§ ASSIGNMENT: Exact repetition of a range: find the line containing "Multifunkční rýžovar se" and the line containing "CADORABO Samsung Galaxy" in the material below, then repeat both and all lines between them, leaving pictures out.

§ RECORDS FOR THIS EXERCISE:
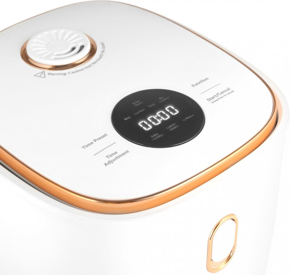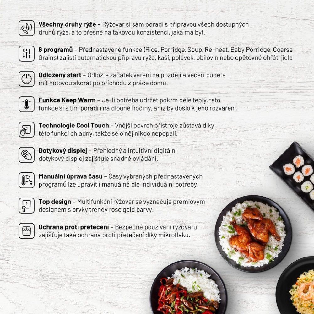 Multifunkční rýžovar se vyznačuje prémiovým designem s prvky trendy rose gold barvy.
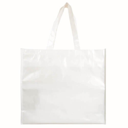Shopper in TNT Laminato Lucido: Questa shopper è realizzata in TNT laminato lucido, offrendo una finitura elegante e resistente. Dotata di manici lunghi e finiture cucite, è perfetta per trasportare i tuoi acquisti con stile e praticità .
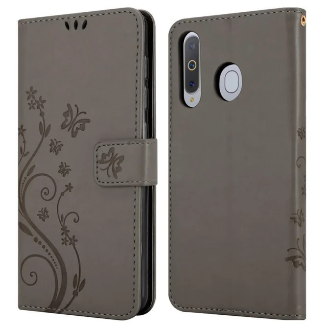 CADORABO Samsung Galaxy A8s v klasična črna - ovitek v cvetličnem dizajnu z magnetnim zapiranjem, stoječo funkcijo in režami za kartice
---
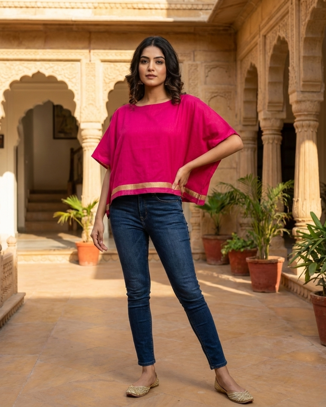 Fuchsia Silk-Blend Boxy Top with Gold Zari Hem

§ SOLUTION TO THIS EXERCISE:
 Multifunkční rýžovar se vyznačuje prémiovým designem s prvky trendy rose gold barvy.
Shopper in TNT Laminato Lucido: Questa shopper è realizzata in TNT laminato lucido, offrendo una finitura elegante e resistente. Dotata di manici lunghi e finiture cucite, è perfetta per trasportare i tuoi acquisti con stile e praticità .
 CADORABO Samsung Galaxy A8s v klasična črna - ovitek v cvetličnem dizajnu z magnetnim zapiranjem, stoječo funkcijo in režami za kartice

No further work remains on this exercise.